Конечно, не все такие настойчивые, но мало ли. Если она будет замужем, все же это как-то ее защитит от подобных ухажеров.
— Повенчай ее с Корвино, — предложил ди Амальфи. «Не сейчас, конечно, а через год. У него — дочь, у нее — тоже дети, всем будет хорошо».
— А и правда, — пробормотал Джон. «Надо будет попробовать».
— Кстати на, — протянул Джованни письмо. «Это от Марты».

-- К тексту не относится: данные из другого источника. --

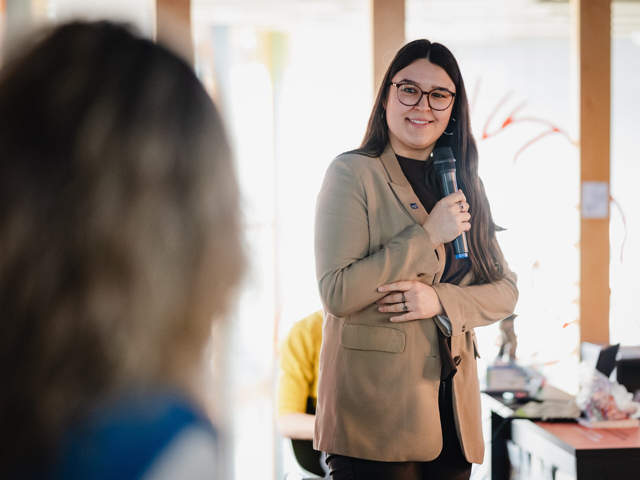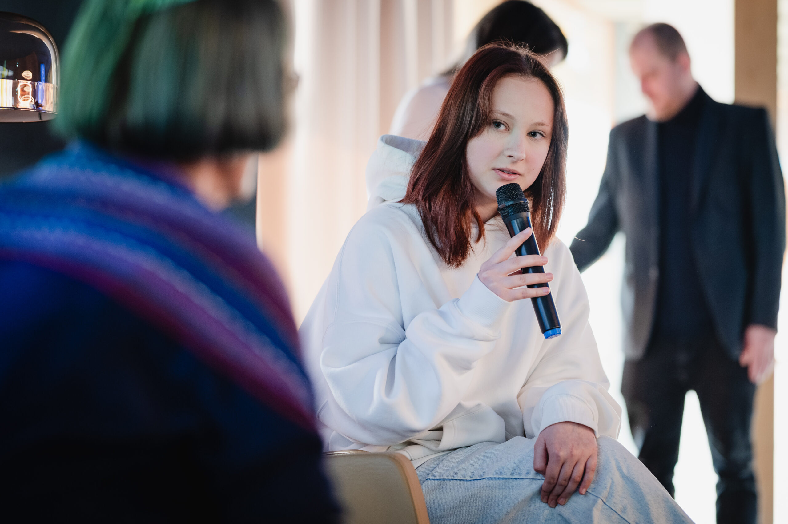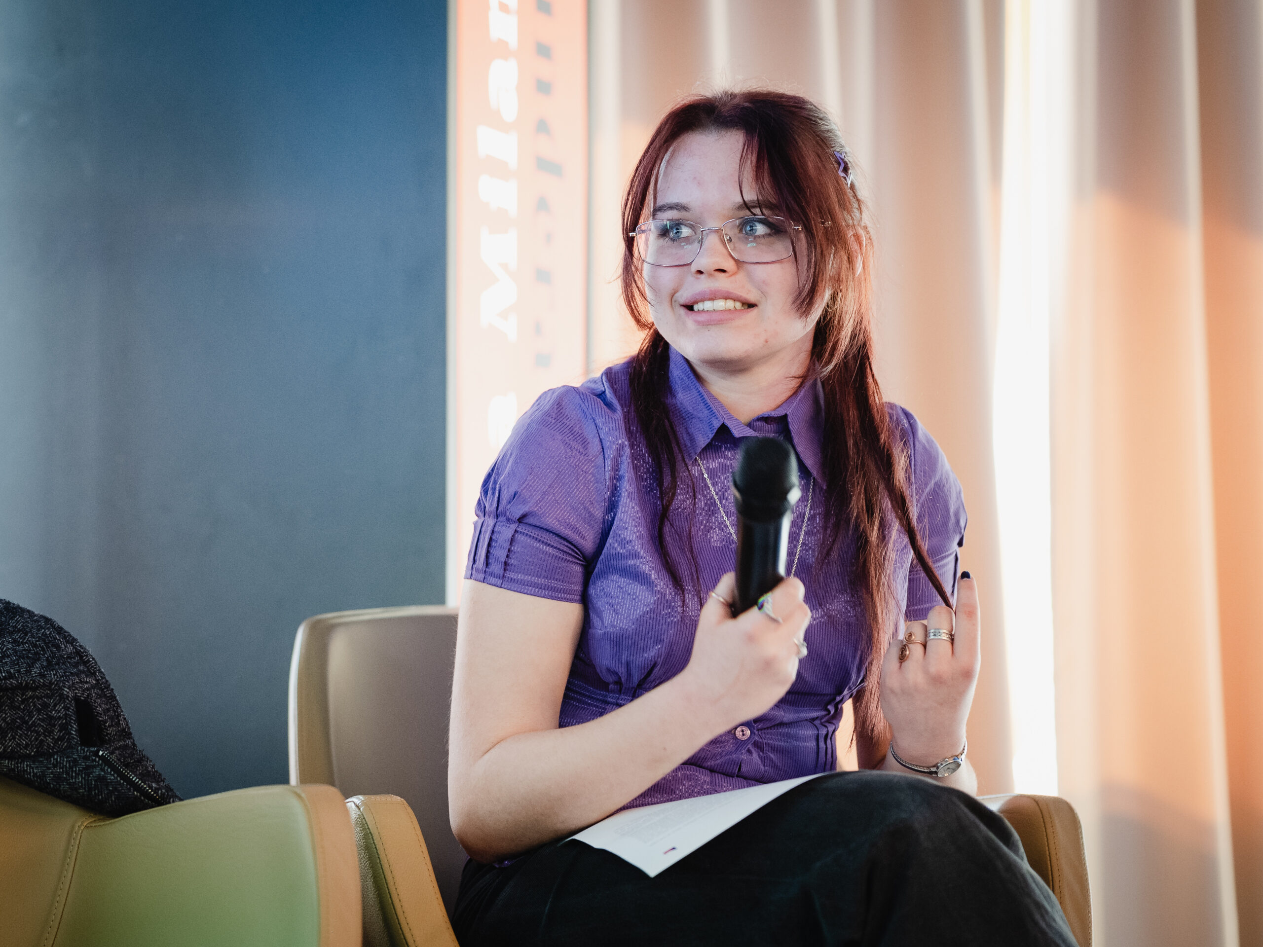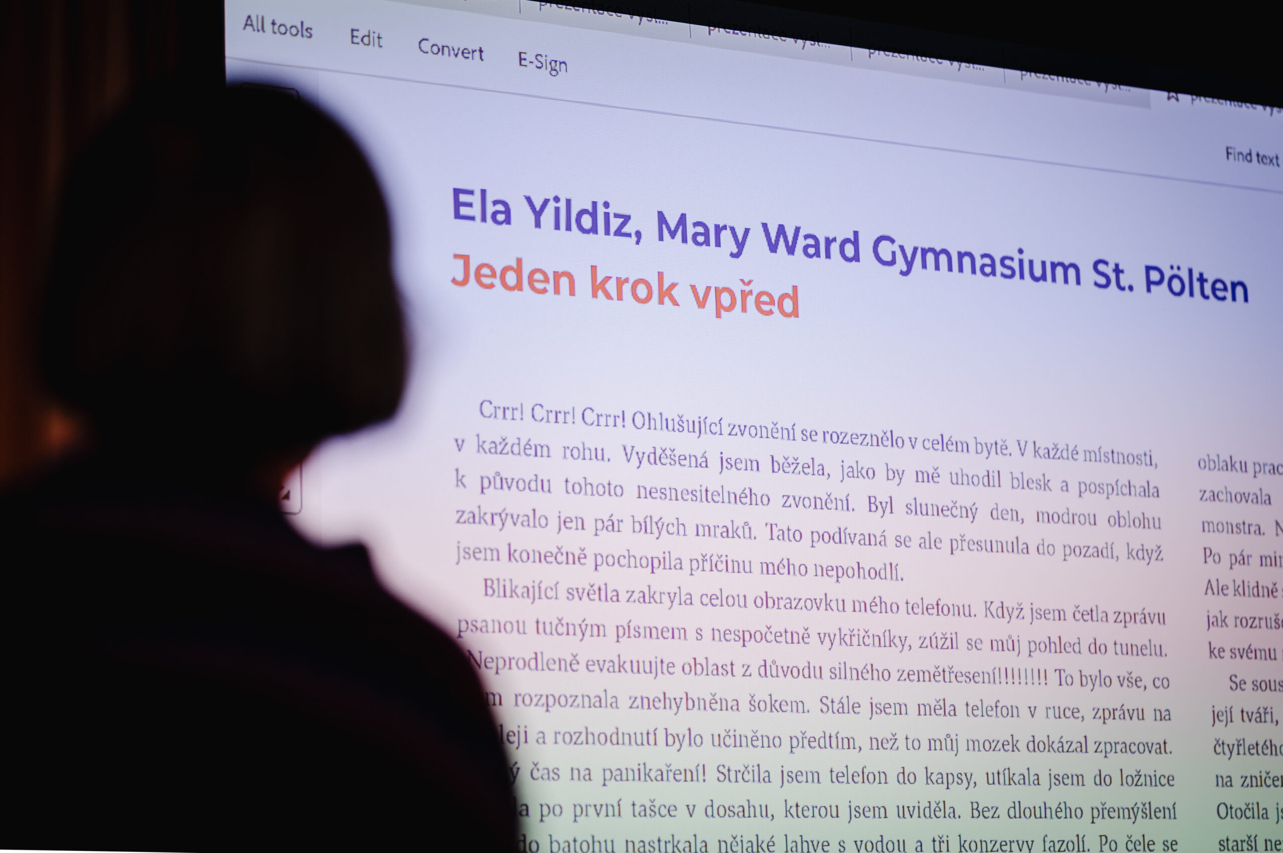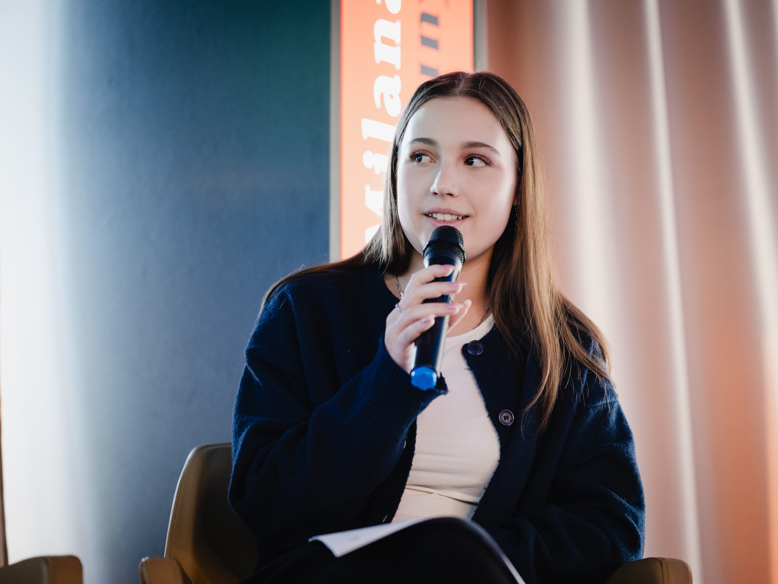 Autoři a autorky oceněných literárních příspěvků soutěže Mladí HUMAN-isté ze středních škol v Brně, St. Pöltenu a Vídni se zúčastnili besedy s překladatelem a tvůrcem Ondřejem Cikánem. Beseda proběhla v Knihovně Milana Kundery ve spolupráci s Národním pedagogickým institutem, Moravskou zemskou knihovnou, městem Brnem a městem St. Pölten. Foto: Jakub Šnajdr
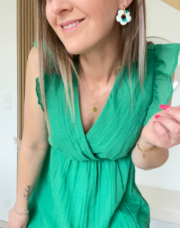 Une jolie robe verte fluide à porter avec ou sans ceinture
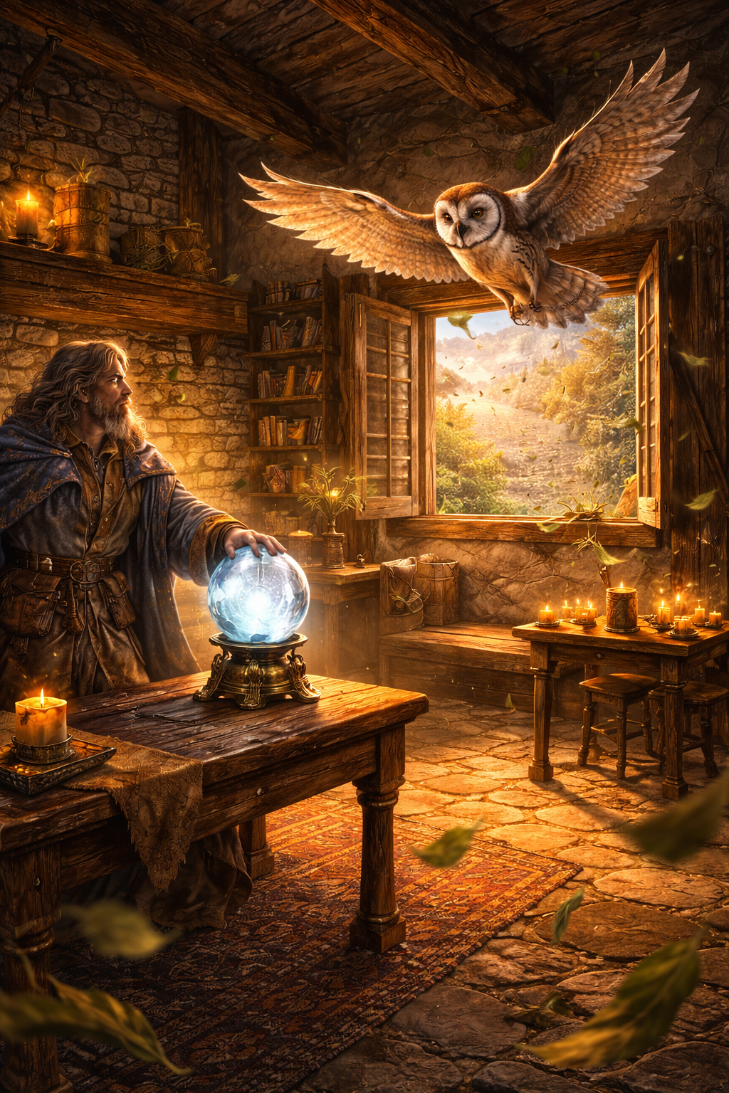 ‘O glazen bol,’ fluisterde hij, ‘laat mijn dierbaarste hier verschijnen. Laat haar vleugels door de wind snijden, en haar instinct haar naar mij leiden.’

Разведчик распечатал, прочел два, изящным почерком написанных слова, и улыбнулся:
«Молодец девочка».
— Где она сейчас? — повернулся Джон к ди Амальфи.
— В Женеве, бумаг своих ждет, — ответил тот.
— Прекрасно, просто прекрасно, — пробормотал Джон. «Поеду я отсюда — прямо туда».
— Ты же в Венецию хотел, — удивился Джованни.
— Там срок только в сентябре, — разведчик вдруг улыбнулся, — успею.
Часть двенадцатая
Нижние Земли, зима 1577 года
Дельфт
Марта стояла на берегу замерзшего канала, притоптывая ногами. Лицо под соболиной шапочкой, расшитой жемчугом, разрумянилось, изо рта вырывался пар.
— У твоего сына прекрасно, получается, — сказала ей Шарлотта Бурбонская, жена Вильгельма Оранского, обнимая ее за плечи. — Смотри, — она кивнула.
Внизу пронесся клубок руки и ног, и, рассыпавшись на отдельных детей, повалился на лед.
— Мама! — приподнялся Теодор. — Я всех обогнал. Ну, кроме Морица, — показал он, краснея, на высокого, тоже рыжеволосого мальчика, одного из сыновей Вильгельма.
— Морицу десять лет, а тебе пяти еще нет, — улыбнулась Шарлотта.
Девочки катались чинно, не обращая внимания на мальчиков, спрятав руки в муфты.
— И как ты с ними справляешься? — вздохнула Марта. — Семеро детей, и для шести ты не мать, а мачеха.
Шарлотта погладила свой начавший выдаваться вперед живот и вдруг ее красивые губы упрямо сжались:
— Ты, Марта, не знаешь, что такое — в монастыре быть.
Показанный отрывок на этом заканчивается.